I would like to create a program that uses a convolutional neural network to create an output of what famous quotes from movies or soundtracks would sound like from a learned expression of gathered data, from 10,000 files (mp3's or mp4 conversions to mp3's), using a “scalar” system to program the output by different levels of detection: with frequency and time. The program would go through each individual layer of detection to find, on a 0 to 1 spectrum, how high each millisecond of playback is interpreted. The closer to 1 the number is, the more “voice” the frequency is per millisecond.

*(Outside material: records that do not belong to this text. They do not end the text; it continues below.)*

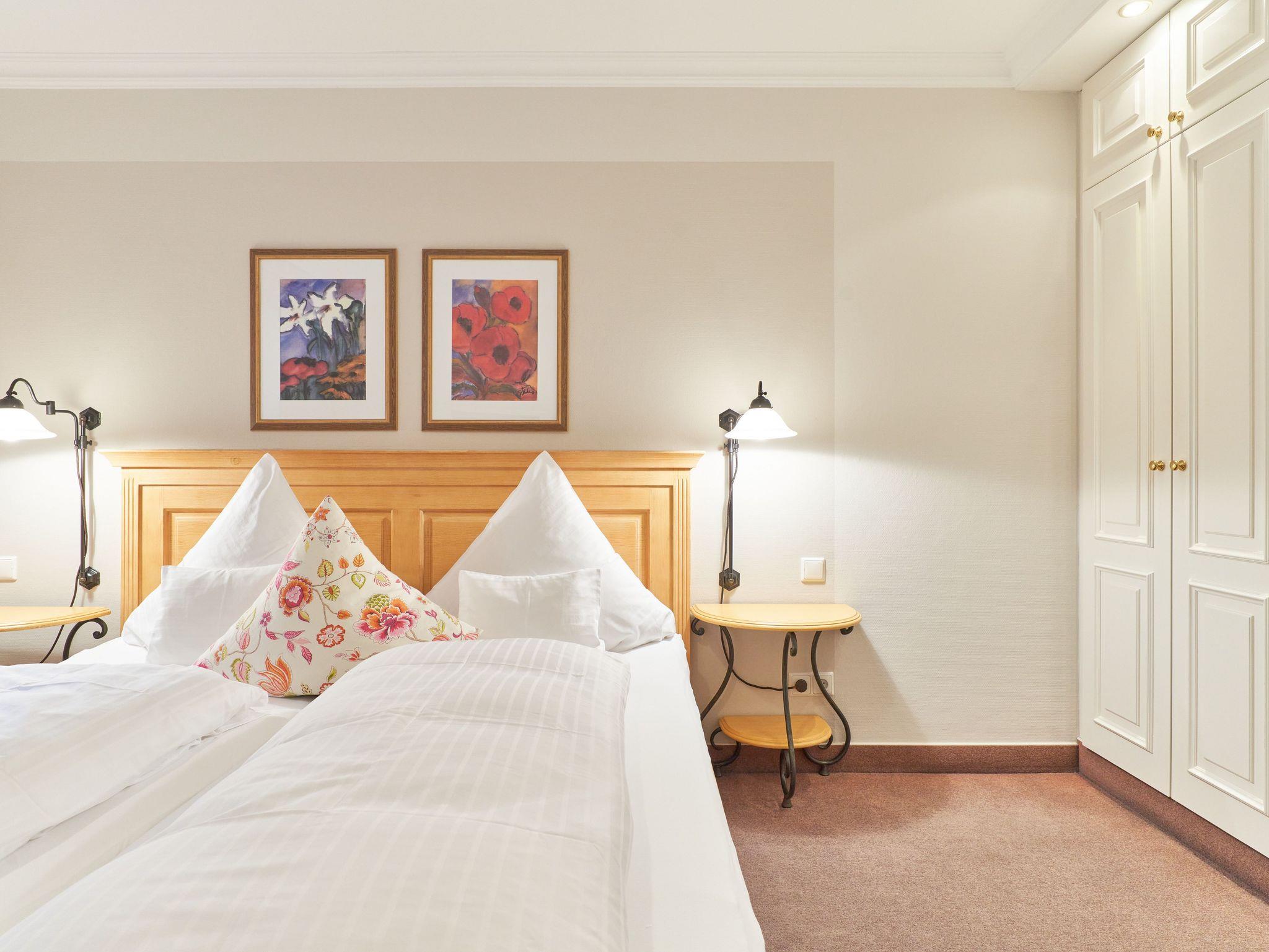 Zwei Doppelbettschlafzimmer, ein Schlafzimmer mit Einzelbett, und ein begehbarer Kleiderschrank.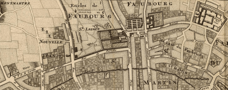 Die Kirche St. Vincent de Paul wurde im ehemaligen Quartier bzw. Faubourg Poissonière erbaut, der, wie alte Karten zeigen, mit der Region Nouvelle-France den westlichen Teil des Faubourg Poissonnière umfasste, während der nordöstliche Teil als ‚Clos Saint-Lazare‘ oder ‚Enclose de Saint-Lazare‘ bezeichnet wurde. Der erstere entspricht dem heutigen IXe, der letztere Teil dem heutigen Xe Arrondissement.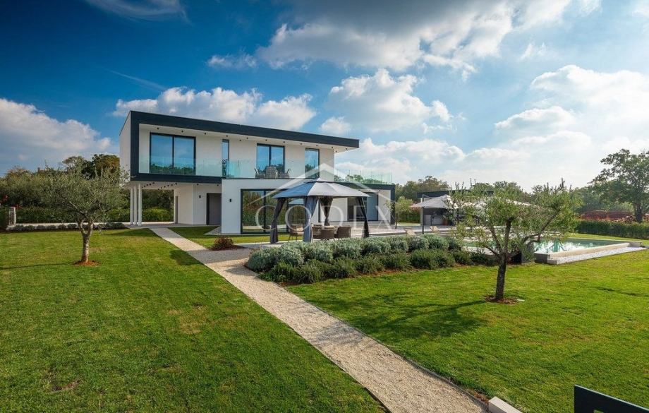 Vila se nalazi na prostranom zemljištu od 1,753 m², što osigurava privatnost i dovoljno prostora za uživanje na otvorenom. Prekrasno uređeni vrtovi, sunčalište uz bazen, kao i natkriveni prostor za vanjske objede čine ovu nekretninu savršenim mjestom za opuštanje.

This would mean 5000 milliseconds of voice. in a pattern per ‘example’ would be needed from each given example analyzed. 5000? Why such a randomly seeming number? 5000 milliseconds are in 5 seconds, thus why we need to analyze that many. Creating a visualization of the soundbite would be simple to do, by illustrating it with a depiction of a scrolling horizontal set of pixels that represents the length of time and the vertical axis which represents the frequency of the pitch. The x axis would be negative infinity to positivity infinity while the y axis would be the same, but, to make things simple, most humans can only hear up to 13,000 MHz, so that’s where we’d cap the boundaries for positive frequency.

So taking all of that into account, we could create and image with the dimensions 1300xtime, where as 1 millisecond is 1 pixel created on the horizontal scrolling axis. 1300 to condense the image into a smaller representation because 13,000 is just a lot to render and would require a lot of computing power.